(Data excerpts)
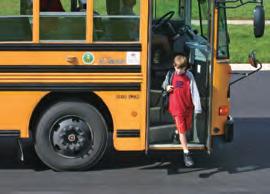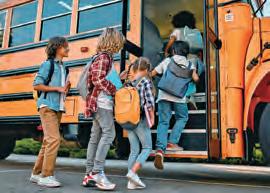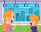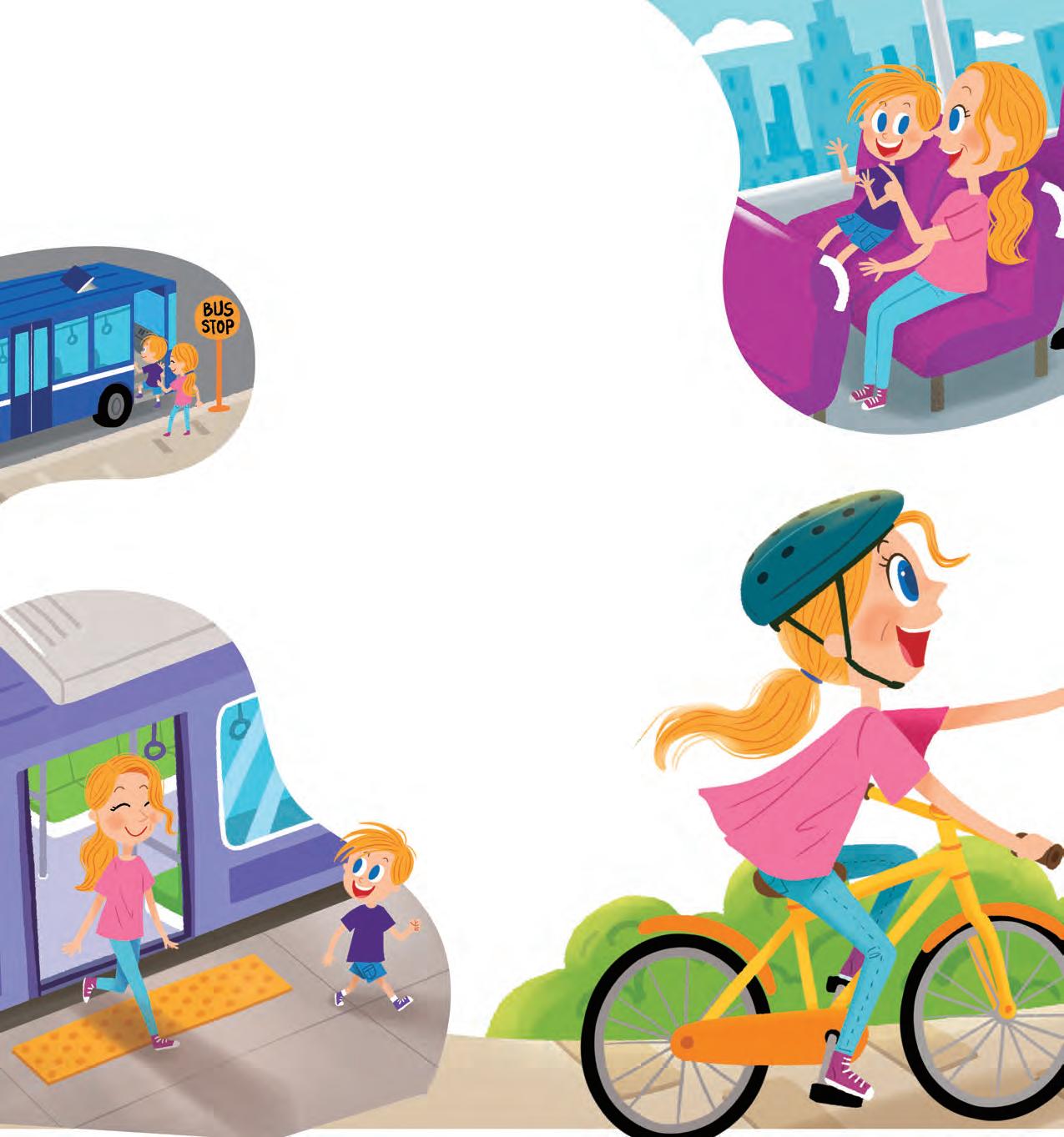 They get on a bus and find seats. The bus bounces up and down. They get off the bus.
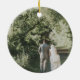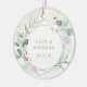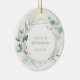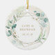 Modernes und elegantes Keramik-Ornament mit Ihren Namen und Hochzeitsdatum in einem Imitat goldene geometrische Rahmen umgeben von grünen Eukalyptus-Blätter und Grün mit einem Hauch von Blau, über einem pastellfarbenen Waschbecken mit Fesseln von Imitaten Gold Glitzer. Die Rückseite hat Ihr Lieblings-Hochzeitsfest Foto. Dieses rustikale botanische Ornament ist auch ein großartiges Geschenk für ein frisch vermähltes Paar zu Weihnachten.
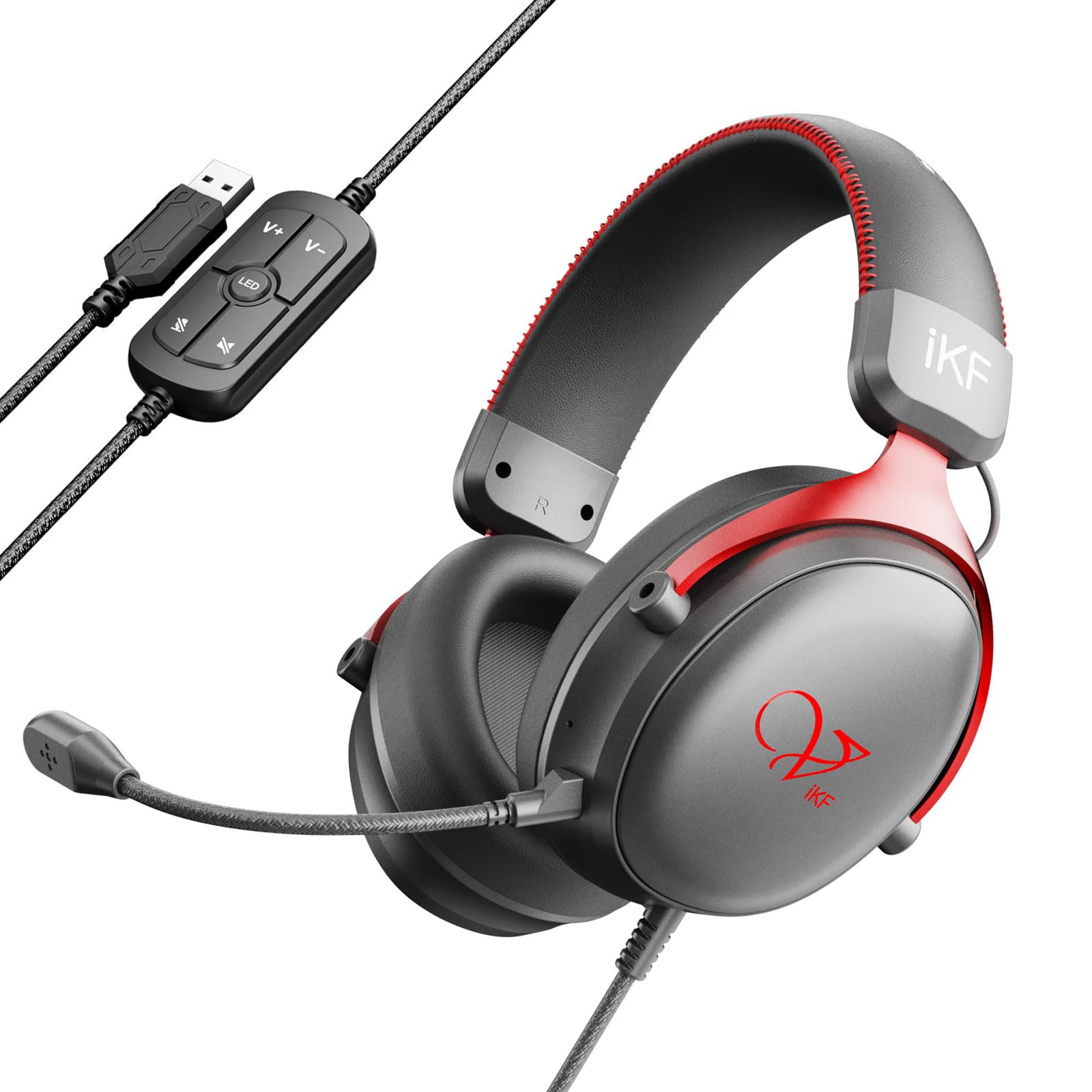 Image: The iKF V11 headset with its USB connector and inline control unit, demonstrating USB compatibility.
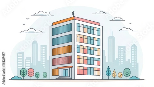 cute, office, building, city, scape, illustration, background, house, town, architecture, urban, city landscape, home, design, street, icon, cartoon, building, construction, landscape, estate, skyline, sky, business, art, real, skyscraper
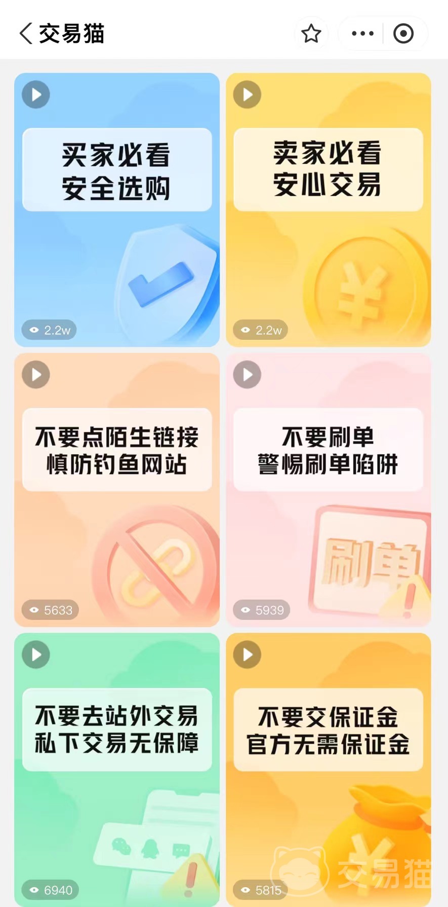 對(duì)于平臺(tái)上架的每一筆訂單,交易貓都執(zhí)行著嚴(yán)格的審核制度,確保交易的合法性與真實(shí)性。它對(duì)玩家的訂單專業(yè)性和安全性超級(jí)重視!平臺(tái)上有個(gè)“安全中心”板塊這一板塊旨在為廣大“涉世未深”的用戶提供防騙知識(shí)的普及,讓他們能夠在網(wǎng)購的道路上更加從容與自信。每一項(xiàng)防騙要點(diǎn),交易貓都精心準(zhǔn)備了相應(yīng)的視頻教程,以直觀生動(dòng)的方式為用戶科普防騙知識(shí),助力他們迅速成長(zhǎng)為防騙小達(dá)人。
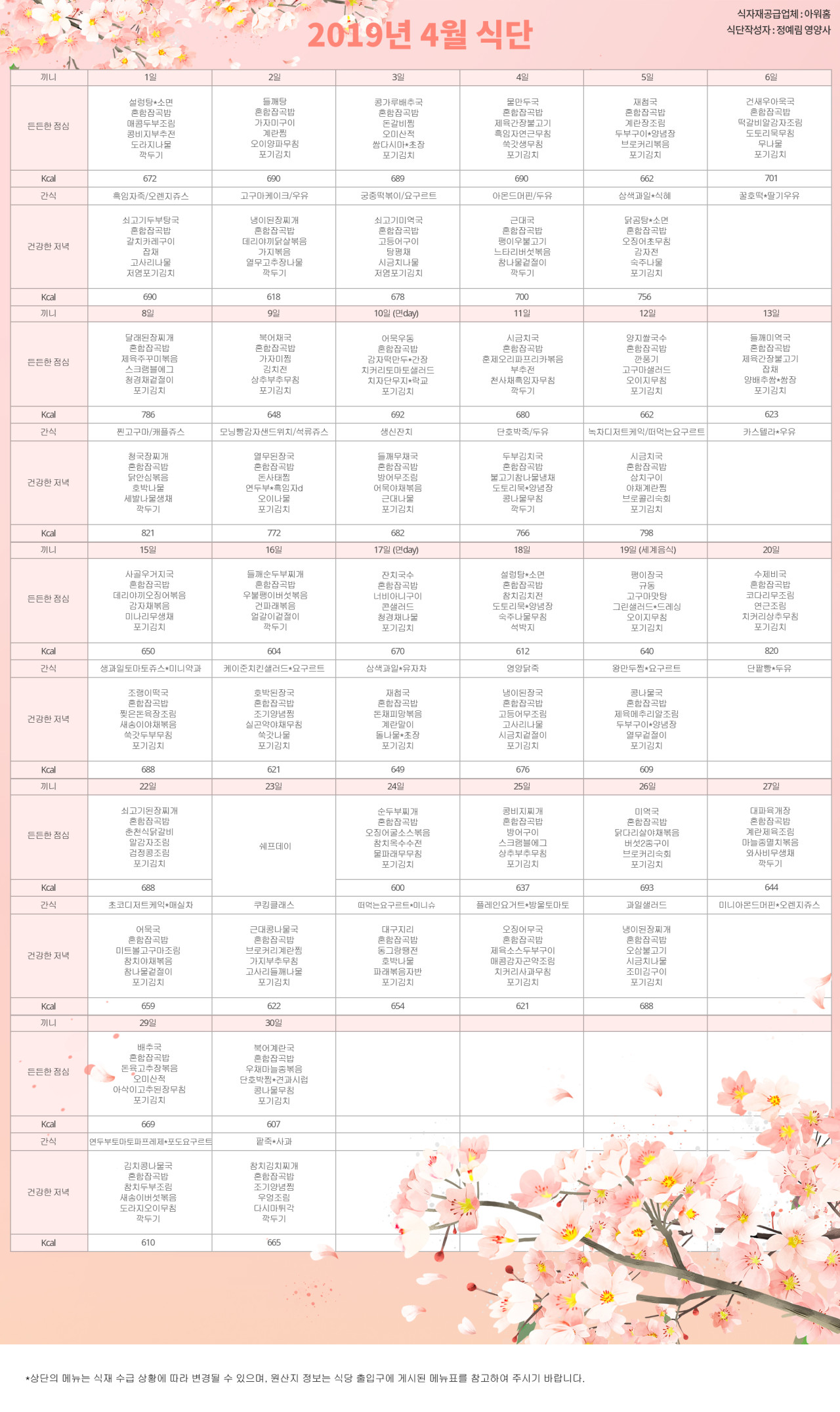 강동케어센터 [식단안내] 2019년 4월 식단표 페이지 정보 작성자 KB 골든라이프 댓글 0건 조회 4,447회 작성일 19-04-02 14:45 목록 본문 목록 이전글[재무공시]제3기 재무상태표 19.04.09 다음글[프로그램 안내] 2019년 4월 프로그램 스케줄 19.04.02

WHAT THE TASK ASKS
Write each entry again exactly, minus any images.

WRITTEN REPLY
 They get on a bus and find seats. The bus bounces up and down. They get off the bus.
 Modernes und elegantes Keramik-Ornament mit Ihren Namen und Hochzeitsdatum in einem Imitat goldene geometrische Rahmen umgeben von grünen Eukalyptus-Blätter und Grün mit einem Hauch von Blau, über einem pastellfarbenen Waschbecken mit Fesseln von Imitaten Gold Glitzer. Die Rückseite hat Ihr Lieblings-Hochzeitsfest Foto. Dieses rustikale botanische Ornament ist auch ein großartiges Geschenk für ein frisch vermähltes Paar zu Weihnachten.
 Image: The iKF V11 headset with its USB connector and inline control unit, demonstrating USB compatibility.
 cute, office, building, city, scape, illustration, background, house, town, architecture, urban, city landscape, home, design, street, icon, cartoon, building, construction, landscape, estate, skyline, sky, business, art, real, skyscraper
 對(duì)于平臺(tái)上架的每一筆訂單,交易貓都執(zhí)行著嚴(yán)格的審核制度,確保交易的合法性與真實(shí)性。它對(duì)玩家的訂單專業(yè)性和安全性超級(jí)重視!平臺(tái)上有個(gè)“安全中心”板塊這一板塊旨在為廣大“涉世未深”的用戶提供防騙知識(shí)的普及,讓他們能夠在網(wǎng)購的道路上更加從容與自信。每一項(xiàng)防騙要點(diǎn),交易貓都精心準(zhǔn)備了相應(yīng)的視頻教程,以直觀生動(dòng)的方式為用戶科普防騙知識(shí),助力他們迅速成長(zhǎng)為防騙小達(dá)人。
 강동케어센터 [식단안내] 2019년 4월 식단표 페이지 정보 작성자 KB 골든라이프 댓글 0건 조회 4,447회 작성일 19-04-02 14:45 목록 본문 목록 이전글[재무공시]제3기 재무상태표 19.04.09 다음글[프로그램 안내] 2019년 4월 프로그램 스케줄 19.04.02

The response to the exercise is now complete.